Trying to head off protectionist cries and worries about will
The low estate of America’s dollar in world markets distresses nobody so much as Economist Robert Triffin, who expressed some far-reaching opinions about it in a talk with TIME Senior Editor Marshall Loeb. His report:
Robert Triffin is a little man, a bantam really, but he is a giant in international finance. He looks out on the world with sad, soulful eyes, and while he often does not like what he sees, he usually has ideas for setting matters right. Among many other things, he is now propagating a plan for getting some green back into America’s fading dollar.
For almost 40 years, this wise economist has been summoned by leaders of the chancelleries and the countinghouses for advice on money policies. He conceived the European Payments Union, which did so much to revive the Continent’s economies from the ruins of World War II. Two decades ago, he warned that the monetary system was barreling toward calamity because the U.S. was pouring out so many dollars. Now back in his native Belgium, where he is advising the European Community while on sabbatical from Yale University this year, he watches forlornly as the dollar crashes to record lows relative to the German mark and the Swiss franc.

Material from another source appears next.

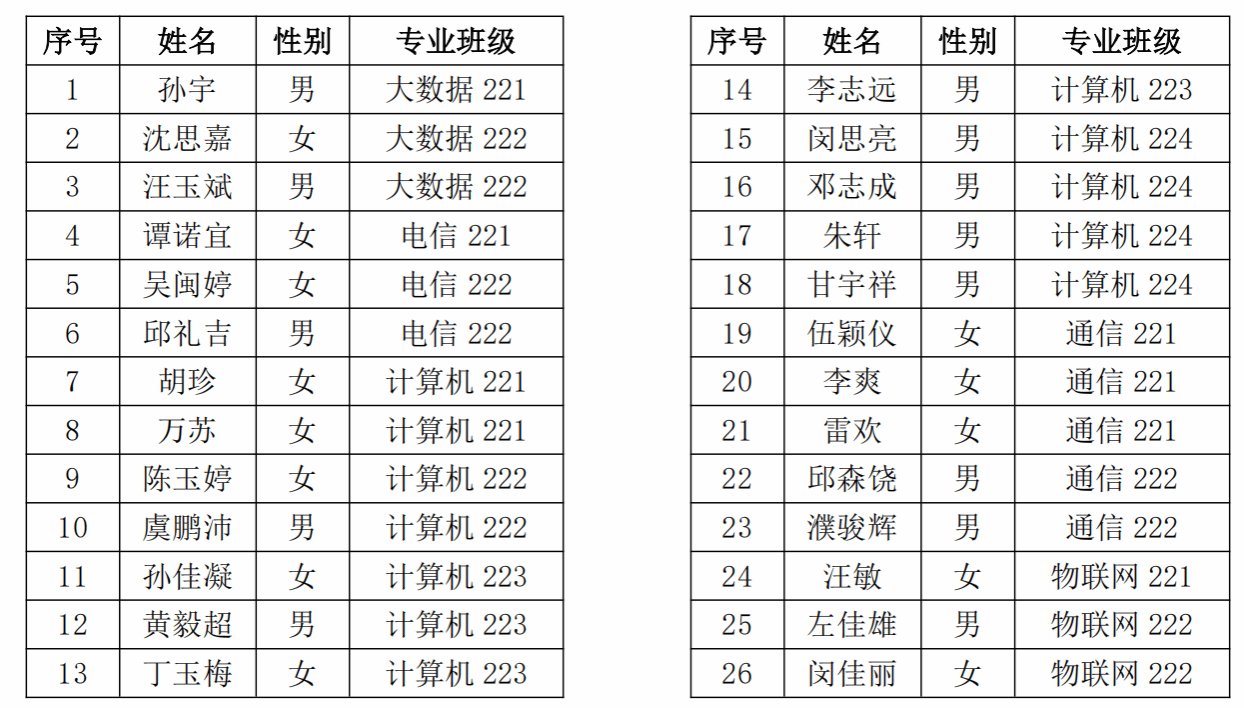 根据《赣南科技学院先进集体、先进个人评选办法》(赣科院学字〔2025〕27号)文件有关要求,信息工程学院认真组织开展2026届优秀毕业生初评,经学生个人申请、班级评议、学院优秀毕业生评审小组集体评审,确定信息工程学院2026届优秀毕业生初评名单,现予以公示。

Perhaps only someone who has been raised in Europe can understand the psychological impact of the dollar’s fall. People in foreign countries often equate a country’s political might and will with the strength of its money. Every time the dollar declines, concern rises abroad about America’s power and capacity for leadership, and worries grow about the future of the West’s free economies. It troubles Triffin that Washington’s policymakers, many of them his friends and former students, do not seem to recognize these dangers. Their dollar-defending moves have been weak and tentative, and their rather cavalier philosophy seems to be: Let the dollar fall—that will help America’s trade balance.

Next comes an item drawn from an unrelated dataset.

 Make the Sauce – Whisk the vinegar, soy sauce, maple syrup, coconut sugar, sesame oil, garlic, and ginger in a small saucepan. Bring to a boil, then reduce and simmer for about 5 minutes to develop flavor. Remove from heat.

In fact, the drop aggravates America’s inflation. Not only do imports cost more, but U.S. exporters also collect more dollars for their products abroad, and so they sometimes conclude that they can increase their prices at home too. As more American goods flood Europe, Triffin hears the cries rising for protectionism. Americans often overlook the fact that the U.S. enjoyed a $7 billion surplus in trade with Western Europe last year. Because the dollar has become grossly undervalued, many American goods are “cheap” in world markets, and the U.S. is often looked upon abroad with the same suspicion that Japan is viewed in the U.S.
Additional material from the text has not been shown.